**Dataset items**
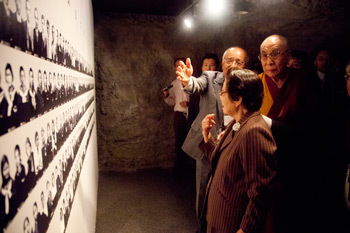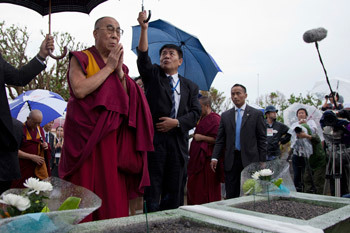 His Holiness the Dalai Lama visits the Okinawa's Himeyuri Peace Museum, dedicated to the hundreds of Japanese teachers and students who were posted on the island on November during World War II, on November 11, 2012.
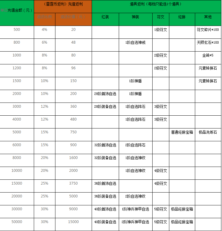 单日充值RMB 返利比例 应返奖励雷霆币 RMB
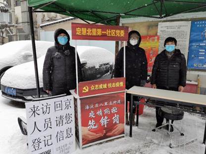 风雪无情,人有情。best365网页版登录2018级mpa学生刘洁璇充分发挥党员作用,准时到达对接社区,大雪中坚持值守,协助社区开展疫情防控工作。做好回京及来访人员登记,张贴重要通知告示,帮助清理道路积雪,给出入社区人员测量体温。
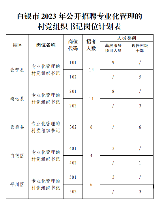 針對(duì)各縣區(qū)專業(yè)化管理的村黨組織書記崗位空缺情況,從鄉(xiāng)鎮(zhèn)機(jī)關(guān)在崗未入編項(xiàng)目人員和現(xiàn)任村級(jí)干部中,公開招聘專業(yè)化管理的村黨組織書記41人,其中:會(huì)寧縣14人、靖遠(yuǎn)縣11人、景泰縣6人、白銀區(qū)4人、平川區(qū)6人。
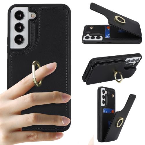 Cavor Galaxy S22 5G [SC-51C SCG13]ケース 背面ポケット付き Galaxy S22 5G 手帳型ケースSC-51C ケース カードポケット上下開折りたたみ SCG13 携帯ケース RFID機能Qi急速充電対応 Galaxy S22 5G 財布型ケース Galaxy S22 case 360°回転リング横置 磁気機能免許証と-ブラック
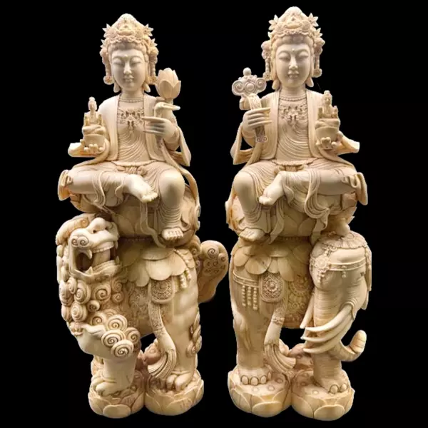 Композиция из бивня мамонта «Манджушри Самантабхадра» представляет собой глубокое философское произведение, объединяющее в себе образы двух великих бодхисаттв, олицетворяющих высшие духовные качества — мудрость и добродетельное действие. Скульптуры выполнены из благородного бивня мамонта, обладающего мягким кремовым оттенком и естественным внутренним свечением, что придаёт образам особую одухотворённость и торжественную чистоту. Парная композиция выстроена симметрично, усиливая ощущение баланса и гармонии, а резные основания и фигуры животных — льва и слона — подчёркивают статус и символическое значение каждого образа.
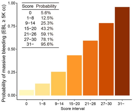 We developed risk-scoring systems to predict the probability of massive bleeding in order to maximize the clinical utility of the final logistic regression model. Firstly, an optimally categorized logistic regression model was derived and its adequate prediction performance was confirmed (AUROC—0.776; AUPR—0.760). We then derived a scoring system from the feature coefficients of the categorized model (Table 4) and mapped the scores with the probability of massive bleeding (EBL ≥ 5000 cc) (Figure 3). The risk-scoring system showed good prediction performance and calibration (AUROC—0.775; AUPR—0.753; Supplementary Figure S2), delineating a 17-fold difference in the probability of massive bleeding across the score intervals.
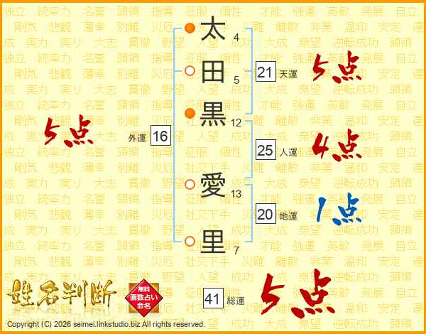 太(4画)田(5画)黒(12画) 愛(13画)里(7画)
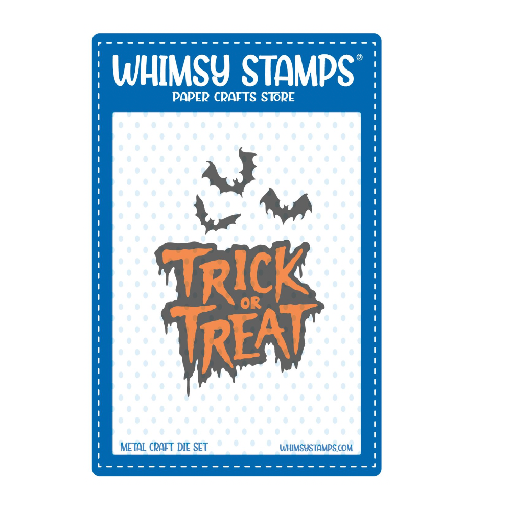 Whimsy Stamps Trick or Treat Dies bring frightful fun to your Halloween crafting. This 3-piece set includes a “Trick or Treat” word die with a coordinating shadow layer, along with three spooky bats to finish your eerie designs. Ideal for cards, tags, treat packaging, and more, this versatile set offers endless creative possibilities. Use it on its own or pair it with other Whimsy Halloween collection products for even more options. Compatible with most leading die cutting machines.

**Goal of the exercise**
Each entry should be output word for word, with no pictures carried over.

**Output of the exercise**
 His Holiness the Dalai Lama visits the Okinawa's Himeyuri Peace Museum, dedicated to the hundreds of Japanese teachers and students who were posted on the island on November during World War II, on November 11, 2012.
 单日充值RMB 返利比例 应返奖励雷霆币 RMB
 风雪无情,人有情。best365网页版登录2018级mpa学生刘洁璇充分发挥党员作用,准时到达对接社区,大雪中坚持值守,协助社区开展疫情防控工作。做好回京及来访人员登记,张贴重要通知告示,帮助清理道路积雪,给出入社区人员测量体温。
 針對(duì)各縣區(qū)專業(yè)化管理的村黨組織書記崗位空缺情況,從鄉(xiāng)鎮(zhèn)機(jī)關(guān)在崗未入編項(xiàng)目人員和現(xiàn)任村級(jí)干部中,公開招聘專業(yè)化管理的村黨組織書記41人,其中:會(huì)寧縣14人、靖遠(yuǎn)縣11人、景泰縣6人、白銀區(qū)4人、平川區(qū)6人。
 Cavor Galaxy S22 5G [SC-51C SCG13]ケース 背面ポケット付き Galaxy S22 5G 手帳型ケースSC-51C ケース カードポケット上下開折りたたみ SCG13 携帯ケース RFID機能Qi急速充電対応 Galaxy S22 5G 財布型ケース Galaxy S22 case 360°回転リング横置 磁気機能免許証と-ブラック
 Композиция из бивня мамонта «Манджушри Самантабхадра» представляет собой глубокое философское произведение, объединяющее в себе образы двух великих бодхисаттв, олицетворяющих высшие духовные качества — мудрость и добродетельное действие. Скульптуры выполнены из благородного бивня мамонта, обладающего мягким кремовым оттенком и естественным внутренним свечением, что придаёт образам особую одухотворённость и торжественную чистоту. Парная композиция выстроена симметрично, усиливая ощущение баланса и гармонии, а резные основания и фигуры животных — льва и слона — подчёркивают статус и символическое значение каждого образа.
 We developed risk-scoring systems to predict the probability of massive bleeding in order to maximize the clinical utility of the final logistic regression model. Firstly, an optimally categorized logistic regression model was derived and its adequate prediction performance was confirmed (AUROC—0.776; AUPR—0.760). We then derived a scoring system from the feature coefficients of the categorized model (Table 4) and mapped the scores with the probability of massive bleeding (EBL ≥ 5000 cc) (Figure 3). The risk-scoring system showed good prediction performance and calibration (AUROC—0.775; AUPR—0.753; Supplementary Figure S2), delineating a 17-fold difference in the probability of massive bleeding across the score intervals.
 太(4画)田(5画)黒(12画) 愛(13画)里(7画)
 Whimsy Stamps Trick or Treat Dies bring frightful fun to your Halloween crafting. This 3-piece set includes a “Trick or Treat” word die with a coordinating shadow layer, along with three spooky bats to finish your eerie designs. Ideal for cards, tags, treat packaging, and more, this versatile set offers endless creative possibilities. Use it on its own or pair it with other Whimsy Halloween collection products for even more options. Compatible with most leading die cutting machines.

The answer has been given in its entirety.